◆ TASK TO COMPLETE: Although the records contain pictures, none belong in the copy: restate word for word only the lines from the one with "5月29日,工作人员在博览会现场手持各自企业的特色产品。新华社记者方喆 摄" through the one with "여러 특수효과가 접목된", both included.

◆ EXCERPTED DATA:
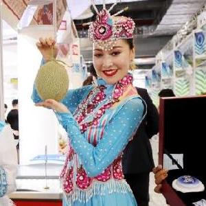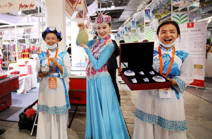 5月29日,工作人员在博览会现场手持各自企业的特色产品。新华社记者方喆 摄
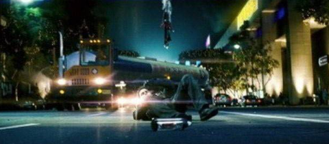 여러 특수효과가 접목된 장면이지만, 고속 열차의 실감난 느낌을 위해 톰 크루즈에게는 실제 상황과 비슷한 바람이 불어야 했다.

* * *

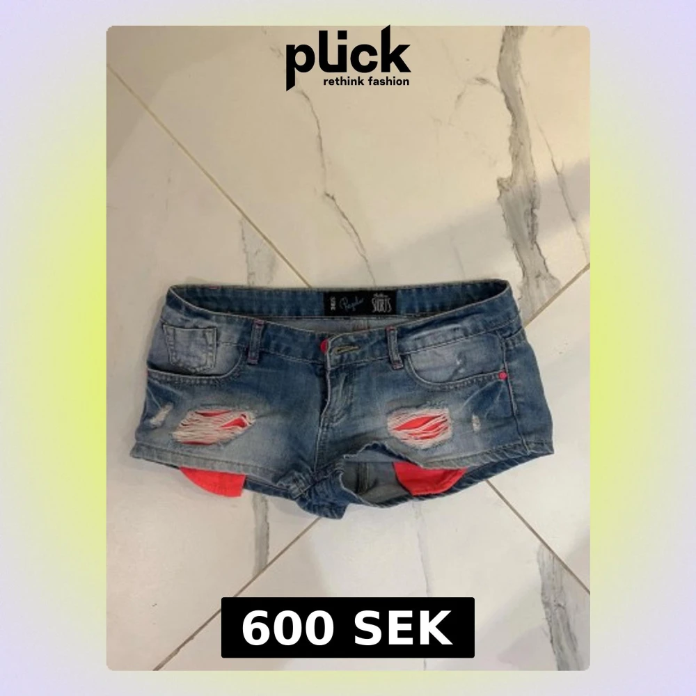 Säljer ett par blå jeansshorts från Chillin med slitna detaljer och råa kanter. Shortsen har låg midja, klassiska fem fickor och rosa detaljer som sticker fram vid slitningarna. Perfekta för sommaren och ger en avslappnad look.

◆ ANSWER BELOW:
 5月29日,工作人员在博览会现场手持各自企业的特色产品。新华社记者方喆 摄
 여러 특수효과가 접목된 장면이지만, 고속 열차의 실감난 느낌을 위해 톰 크루즈에게는 실제 상황과 비슷한 바람이 불어야 했다.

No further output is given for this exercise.